İhracatçıların başta bakanlık olmak üzere kamu ve özel kesim olarak iyi bir performans sergilediklerini belirten Oğuz Satıcı, "2003 yılında ihracatımızı tam 32.4 oranında arttırarak 47 milyar 891 milyon dolarlık bir rakama ulaştık. Hepimize uğurlu olsun, hepimize kutlu olsun. Bu arada, aralık ayı ihracatımızın geçen yılın aynı ayına göre yüzde 51 artarak 4 milyar 911 milyon dolara ulaştığını da vurgulamak isteriz. Emeği geçen herkese yürekler dolusu teşekkür ediyoruz" dedi.

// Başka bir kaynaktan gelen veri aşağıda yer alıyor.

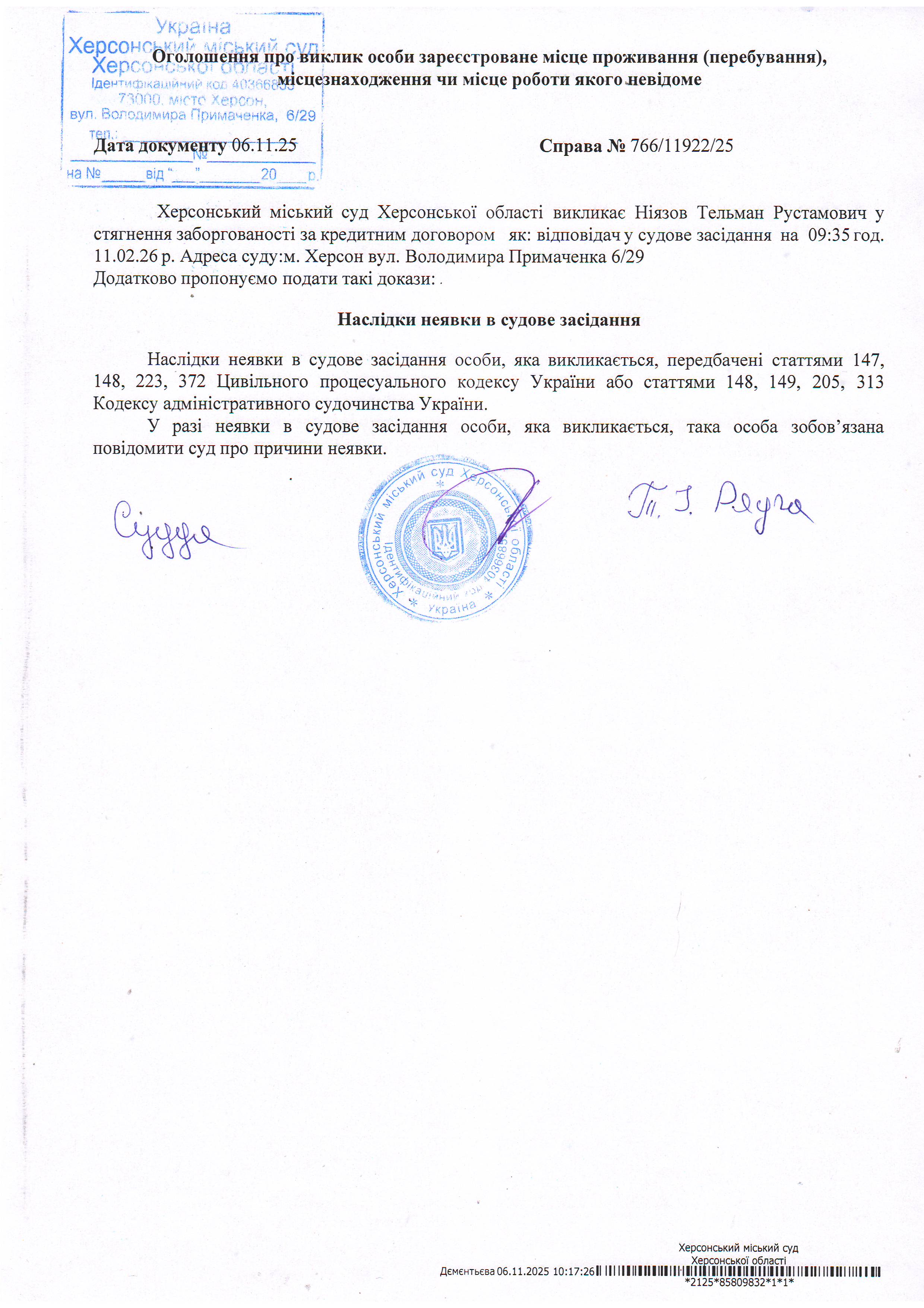 ПОВІДОМЛЕННЯ ПРО РОЗГЛЯД СПРАВИ БЕЗ ВИКЛИКУ СТОРІН

Satıcı, ihracatın bu büyüklükteki artış sonrasında optimal karların gelmesinin de beklendiğini ancak verilerin gerekli karın elde edilemediğini gösterdiğini söyledi. Satıcı, 2004 yılının daha fazla kar elde edilen, daha fazla vergi üretebilen, daha fazla yatırım ve daha fazla istihdam oluşturabilen bir yıl olması temennisinde bulundu.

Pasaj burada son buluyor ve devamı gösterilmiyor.